CHICAGO — DESPITE robust economic growth, millions of middle-class Americans today are watching their incomes stagnate or shrink.
The ''Misery Index'' -- the sum of joblessness and inflation -- is unusually low, with prices rising at less than a 3 percent annual rate and unemployment at 5.4 percent.
More than 5.5 million new jobs have sprouted since 1992. Also, the nation's economy is steadily growing and is the most competitive in the world, according to the World Economic Forum, in Davos, Switzerland. The blue-ribbon rank for the US suggests that companies are highly productive and workers are, in turn, well paid.
But the statistics gloss over some subtle, but significant, inequalities:
*Although the economy is steadily growing, more than 1 million Americans fell into poverty in 1993, and the median income of the typical American household has stagnated, according to the United States Census Bureau. For the first time in more than half a century, an expanding economy has failed to raise household income.
*Average hourly pay for all employees, when adjusted for inflation, has risen 2.5 percent so far this decade. But the gains have gone largely to highly skilled professionals.
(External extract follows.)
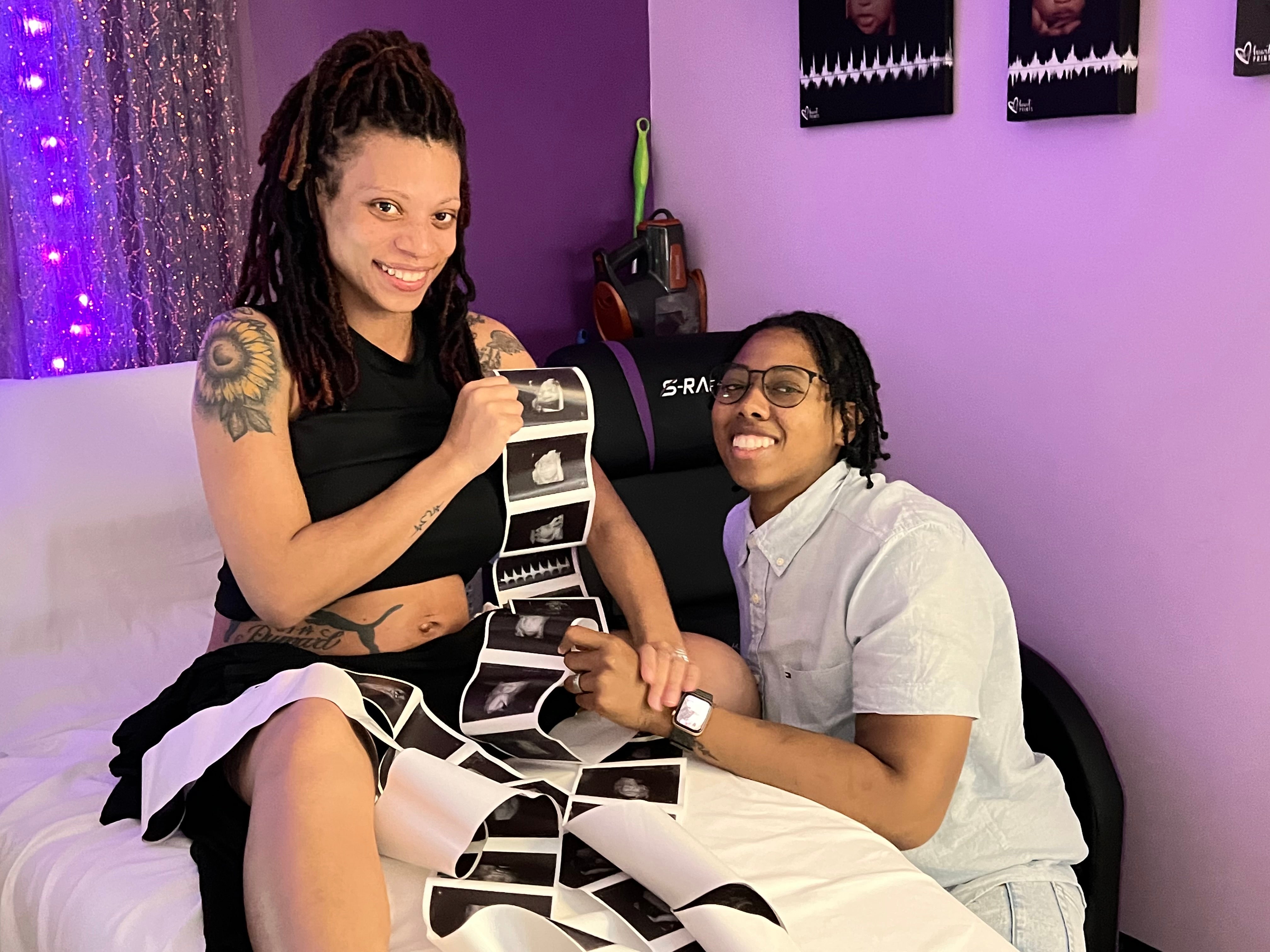 My wife and I have been together on and off for 15 years. I have been with men prior to her. When I was younger I experienced ovarian cysts. I swore I could not have children, I was 30 and had never been pregnant. Although I made several attempts. We used a mutual friend via natural insemination for months with no luck. We heard about Mosie Baby back in 2017 and finally bought a kit in 2021. We relocated to Texas in 2023 and decided it was time to try with our long time donor that we had met back in 2020 who lived in Houston. We got pregnant first try. Baby R will arrive in July 2024. He’s definitely our definition of planned creation of life.

Workers with skill levels putting them in the bottom half of the labor force continue to see their incomes sink.
Most blue-collar workers cannot rely on unions to help protect their jobs. Today, only about 11 percent of the private-sector labor force is unionized.
Consequently, America's work force is becoming increasingly polarized along the lines of skill and education.
The distribution of income has become more uneven in America than in any other industrialized country. The top one-fifth of US households earn 48.2 percent of the nation's income, the Census Bureau reports, while the bottom one-fifth takes in just 3.6 percent.
Moreover, men without college education have seen their average incomes, adjusted for inflation, decline by 12 percent since 1979.